PFS Rate as Assessed by BICR	At 6, 12, 18, and 24 months
Occurrence of Treatment-Emergent Adverse Events (TEAEs) Including Grade Greater than or Equal to (>=) 3, Serious, and Fatal TEAEs by Relationship	From the first dose of study treatment to the 90-days after last dose of study treatment (up to approximately 57 months)	TEAEs graded according to United Stated (US) National Cancer Institute (NCI) Common Terminology Criteria for Adverse Events version 5.0 (CTCAE v5.0)
Occurrence of Dose Interruption, Reduction, and Discontinuation of Trial Treatment due to TEAEs (including related TEAEs)	From the first dose of study treatment to the 90-days after last dose of study treatment (up to approximately 57 months)
Change from Baseline in Breast Symptoms Scale of EORTC QLQ-BR42	Baseline up to approximately 49 months	Breast symptom scale ranges in score from 0 to 100 with a high scale score representing a higher level of symptoms or problems.
Change from Baseline in Functional Assessment of Cancer Therapy-General Version (FACT-G) Overall Bother Item (FACT-GP5)	Baseline up to approximately 49 months	The single-item GP5, that is "I am bothered by side effects of treatment," is rated on a 5-point Likert scale (where 1=not at all and 5=very much) by the participants. A high scale score represents worse outcome.

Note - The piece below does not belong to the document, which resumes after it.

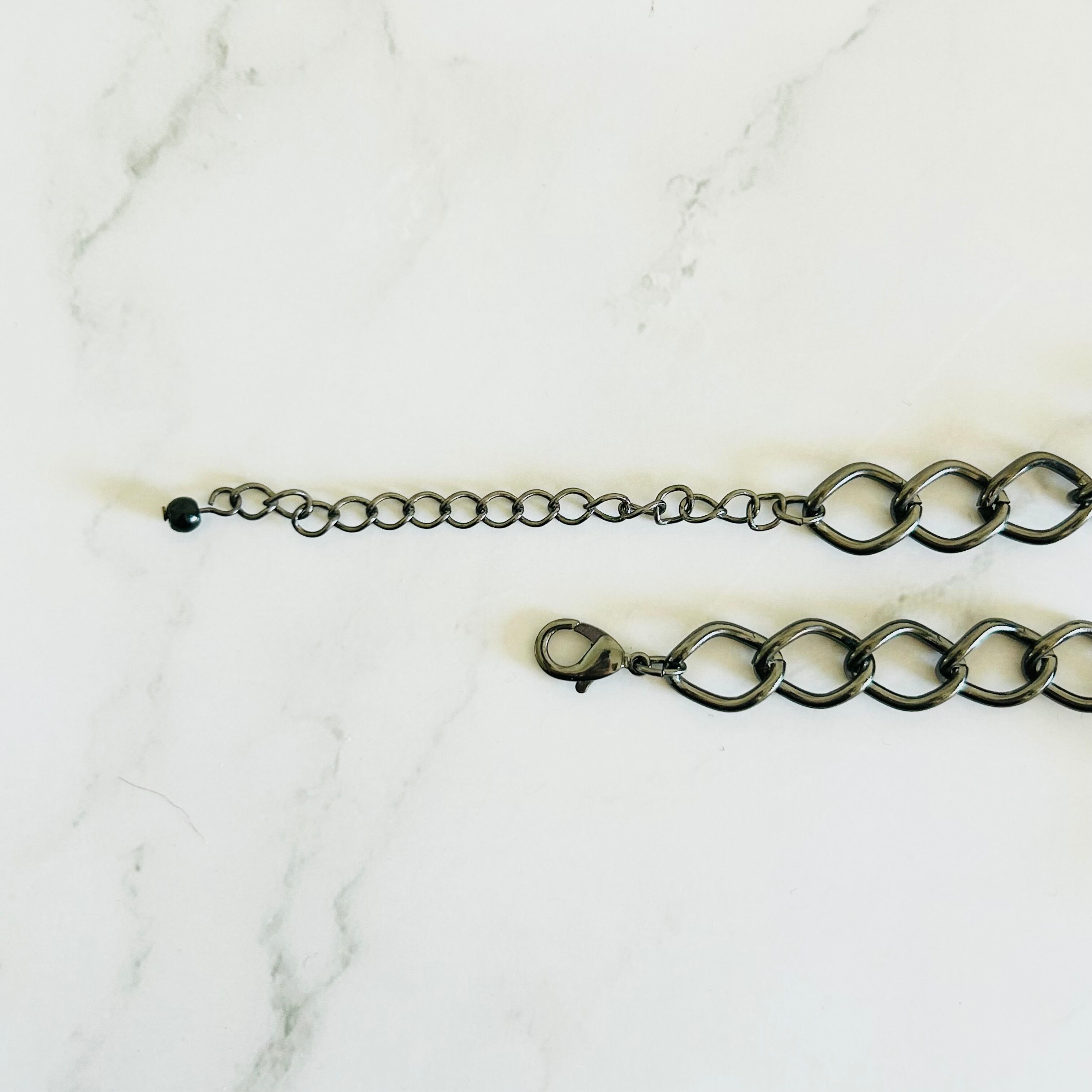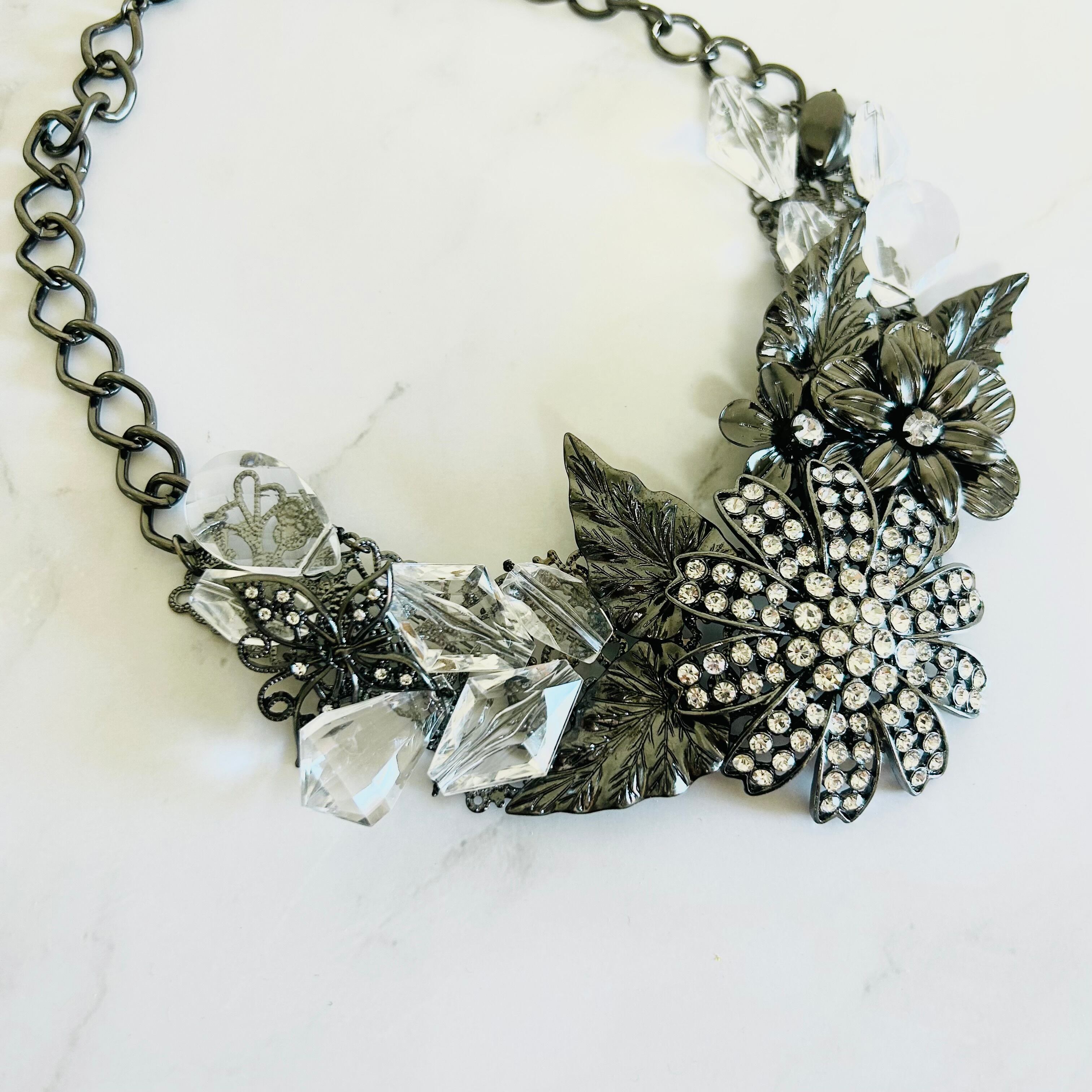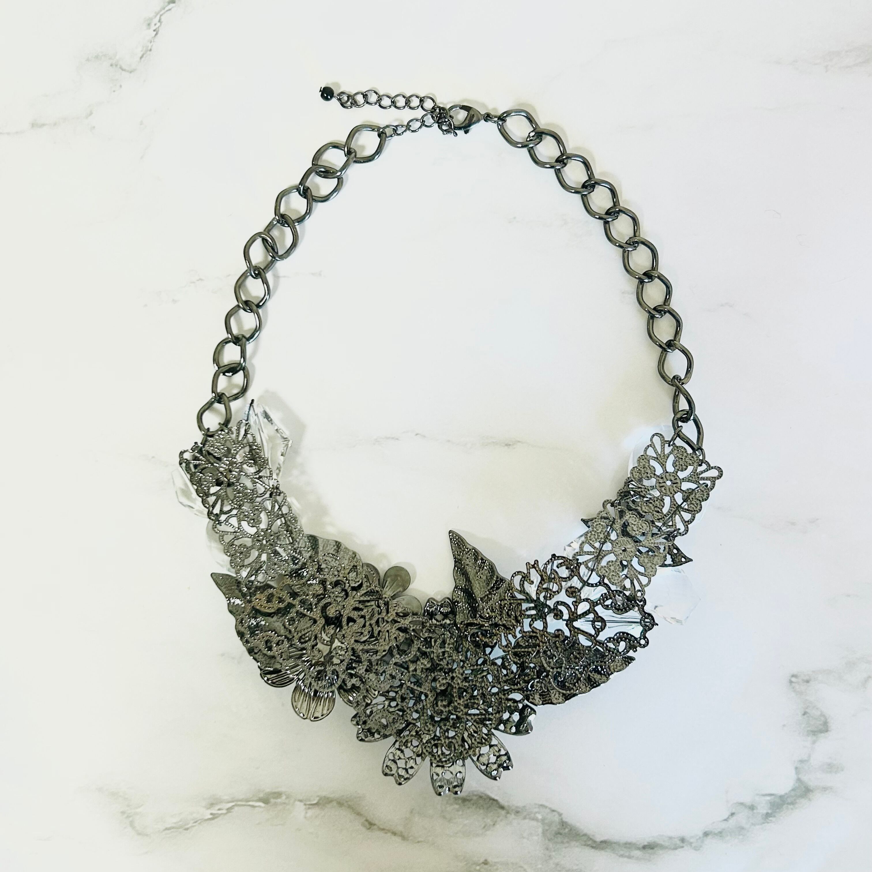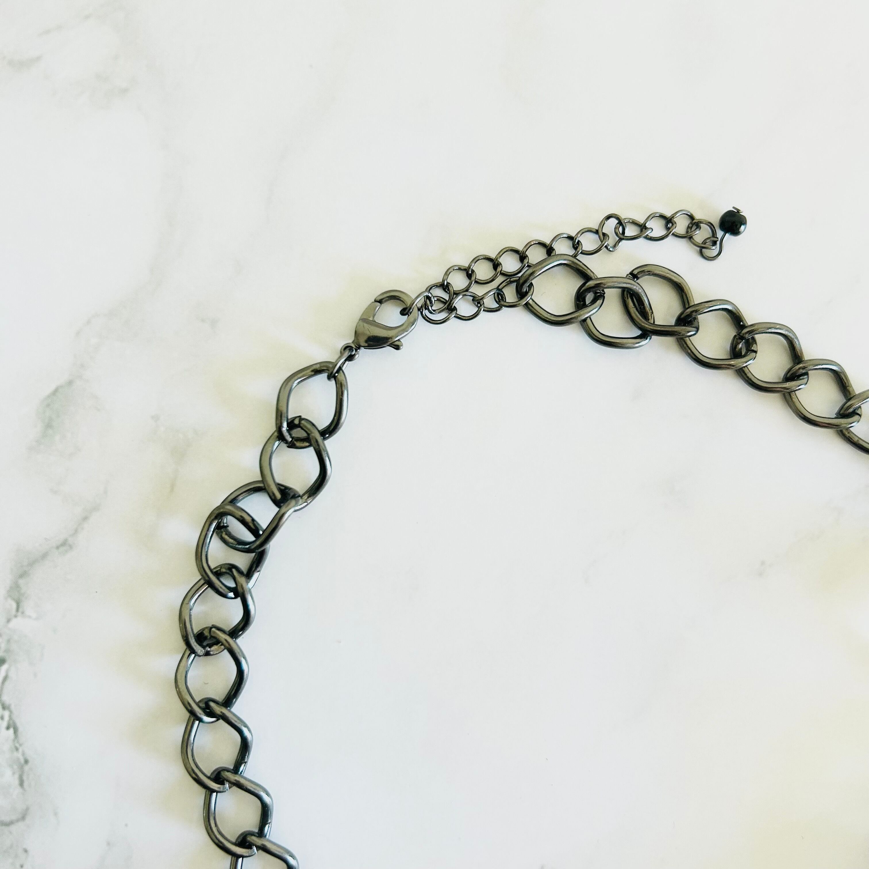 メタルブラック、クリアカラー✖️メタリックシルバーカラーのネックレスです。

Change from Baseline in European Organization for Research and Treatment of Cancer (EORTC) Quality-of-Life Core 30 Questionnaire (QLQ-C30) Global Health Status/Quality-of-Life score (Items 29 and 30)	Baseline up to approximately 49 months	Global health status or quality of life (QoL) scale ranges in score from 0 to 100 with a high scale score representing a higher response level (for example, high score for global health status/QoL is high QoL: high score for symptom scale/item is high symptomatology or problems).
Change from Baseline in EORTC QLQ-C30 Physical Functioning	Baseline up to approximately 49 months	Physical functioning scale ranges in score from 0 to 100 with a high scale score representing a higher response level (for example, high score for functional scale is high/healthy level of functioning).
Change from Baseline in Arm Symptoms Scale of EORTC QLQ-Breast Cancer (BR)42	Baseline up to approximately 49 months	Arm symptom scale ranges in score from 0 to 100 with a high scale score representing a higher level of symptoms or problems.